International Personality Item Pool – Johnson (IPIP-J)

The IPIP-J was developed by John A. Jonson and was published in October 2000. It was designed to measure the Big Five Traits of personality in adults. During this time, progress in the theory around the FFM constructs had become incredibly slow as there was limited access of researchers to personality measures due to copyright and the pay-to-use nature of the tests which created a financial barrier for some (Maples et al., 2014).

In response to this need for research, Lewis Goldberg established an international collaborative effort to develop and work on a pool of free personality items. This was called the International Personality Item Pool. So far it’s had a great impact on the literature, with a revised 300 item IPIP version of the NEO developed in 1997. The IPIP-NEO was developed by changing an existing item pool and administering it to an adult community sample to develop 10 item scales for each of the 30 FFM facets. The tools are available on the website and require no permission for use.

Though the IPIP-NEO was comprehensive and freely available, it was prohibitive to researchers with time or budget constraints and could also be seen to result in participant fatigue especially when a battery of assessments was required (Maples et al, 2014; Johnson, 2014). Thus underlies the rationale for the IPIP-J. The development of the scales built on what was previously established with the IPIP-NEO.

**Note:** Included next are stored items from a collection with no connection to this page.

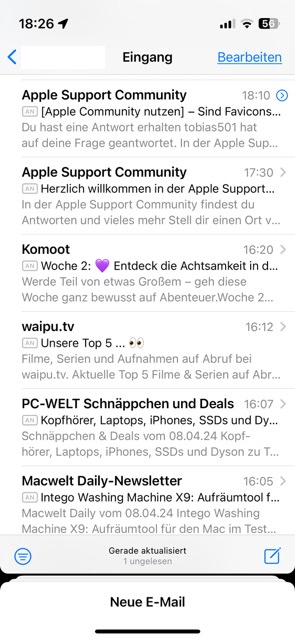 Hier die Ansichten der eingegangenen Mail auf dem iPhone über das Programm Spark (mit den Favicons) und über Apple Mail, hier werden in der Auflistung keine Favicon angezeigt. Nur beim öffnen der einzelnen Mail zeigt Apple Mail die Anfangsbuchstaben des Absenders an, aber nicht die die Grafiken.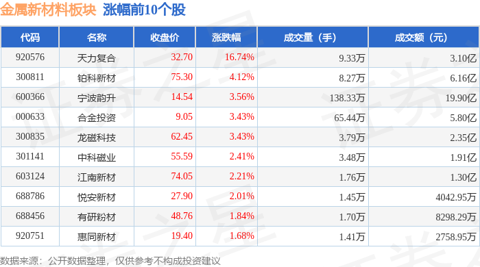 从资金流向上来看,当日金属新材料板块主力资金净流出4.23亿元,游资资金净流入2.12亿元,散户资金净流入2.11亿元。金属新材料板块个股资金流向见下表: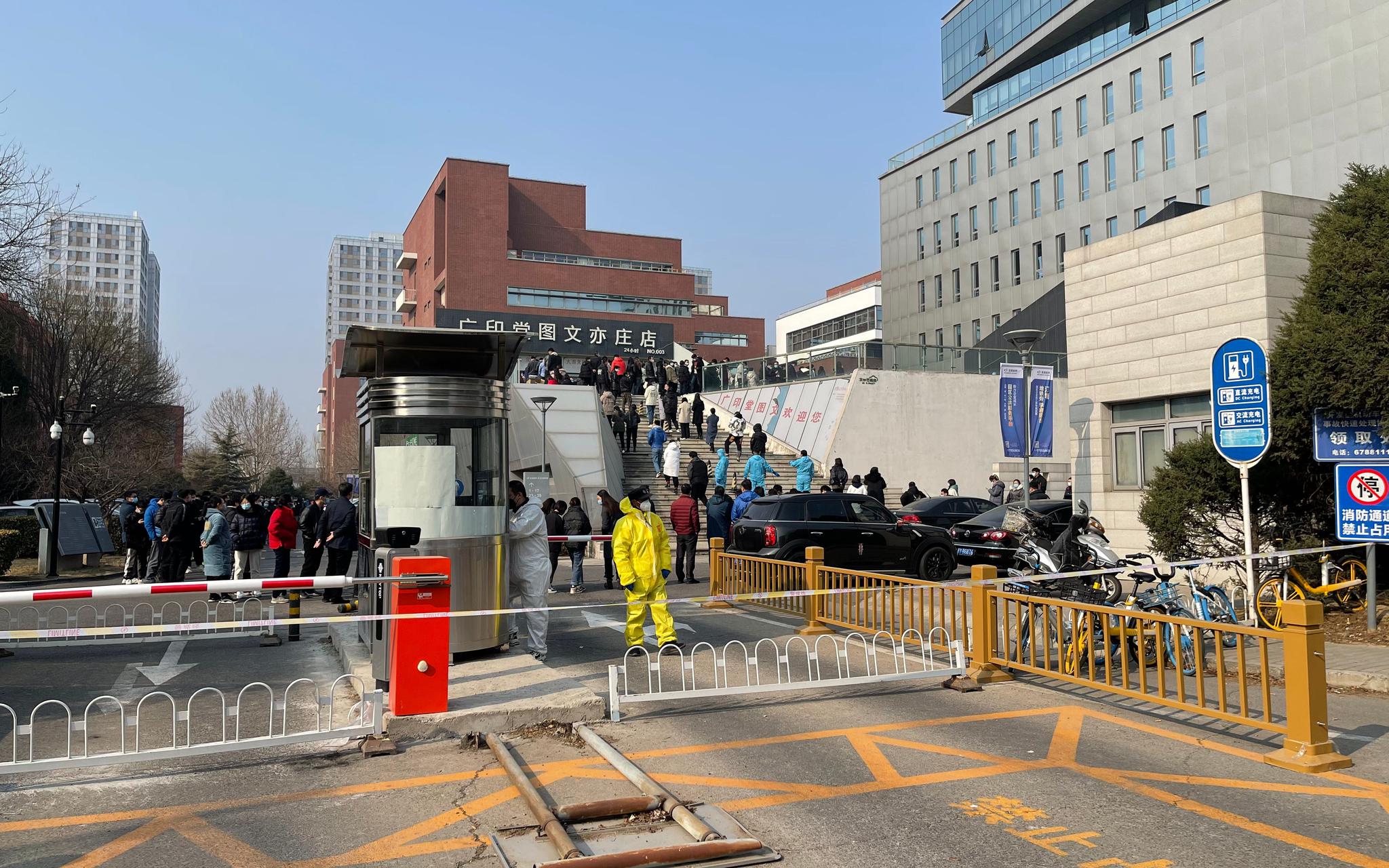 记者在北京经开·北工大软件园东南门外看到,园区已经实行封闭管理。工作人员称,园区内的人员正在排队进行核酸检测。记者在现场看到一名男子希望进入园区将停放在停车场的车辆开出,但被工作人员告知暂时不可以进入。工作人员称:“我们接到通知,车辆可以免费停放三天。”

Johnson describes developing the IPIP-J in three steps (Johnson, 2014). Firstly, the reliability application on SPSS was used on the IPIP-NEO to generate corrected item-total correlations for each of the 10 items in each facet scale. The item with the lowest item-total correlation was removed and the application run again until four items remained. Secondly, a rational-intuitive strategy was employed whereby Johnson examined the items for near duplicates, fidelity to the original NEO-PI-R and any reference to disability or anything that would cause legal issues when using the scale for personnel selection. Finally, computation of alphas for domain and facet scales was calculated separately by sex. A few scales didn’t reach the rule of thumb of 0.7, but all were at least 0.6 which is considered adequate for four item scales in the development stage of research.

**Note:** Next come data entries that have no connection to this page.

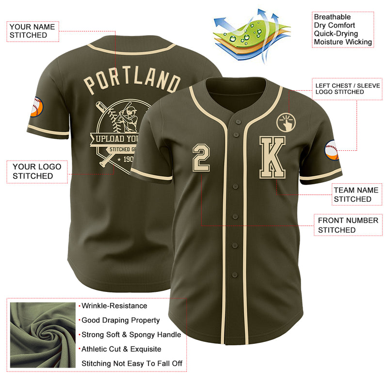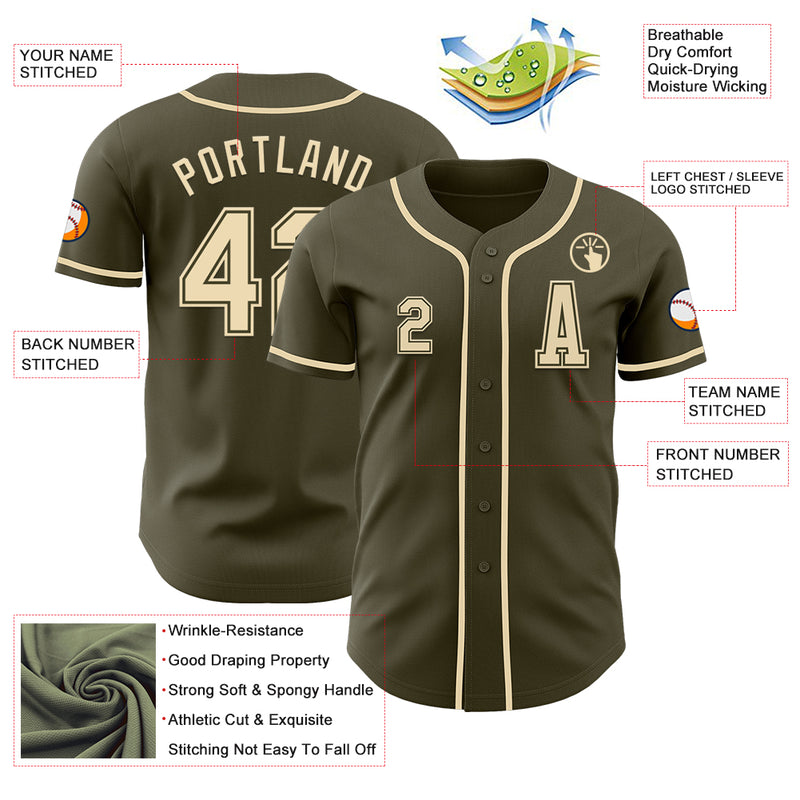 Custom Olive Cream Authentic Salute To Service Baseball Jersey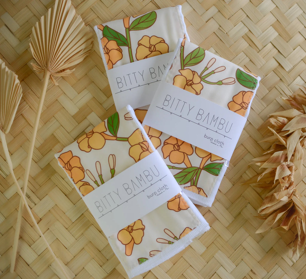 Check out these cotton burp clothes adorned with local designs. Made on Maui with love. Package includes one burp cloth.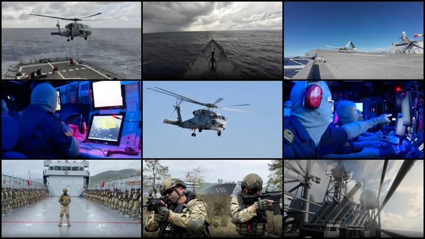 "Denizkurdu-I/2025 Tatbikatı, tüm çevre denizlerimizde devam ediyor. Tatbikat kapsamında 8 Ekim 2025 tarihinde, fiili silah atışları, denizaltı savunma harbi, helikopter ile dikey ikmal, amfibi çıkarma, deniz kirliliği, orman yangınları ile mücadele eğitimleri başarıyla icra edildi. Ayrıca, Bayraktar TB3 İHA ile gece şartlarında TCG Anadolu'ya iniş kalkış eğitimleri gerçekleştirildi."

The scale was developed using an online sample of 21,588 adults and the author did not say where most of their respondents were from (Johnson, 2014).  Scores on the facets of the IPIP-J showed reasonably good internal consistency with α= 0.68 (Maples et al., 2014). The IPIP-J was also tested against the IPIP-NEO for correlations with the NEO- PI-R. Convergence with the NEO-PI-R was reasonably good with r= 0.66 (Maples et al., 2014).

So far the IPIP-J has been used in research to investigate an array of different areas such as collaborative task performance, personnel selection and psychopathic personality traits (Maples et al., 2014). The IPIP-J provides a time efficient way to administer personality assessment in a way that is open to all researchers. Sharing within the IPIP has resulted in advances in the field as many have participated and began to create common understanding. Perhaps one possible limitation with such a short inventory is that if one item is answered untruthfully for any reason, it would have a much greater impact on the data for that facet than a more comprehensive scale. Use of other measures to triangulate data could be a helpful suggestion to ensure robust collection of information.

References

Johnson, J. A. (2014). Measuring thirty facets of the Five Factor Model with a 120-item public domain inventory: Development of the IPIP-NEO-120. Journal of Research in Personality51, 78-89.

Maples, J. L., Guan, L., Carter, N. T., & Miller, J. D. (2014). A test of the International Personality Item Pool representation of the Revised NEO Personality Inventory and development of a 120-item IPIP-based measure of the five-factor model. Psychological assessment26(4), 1070.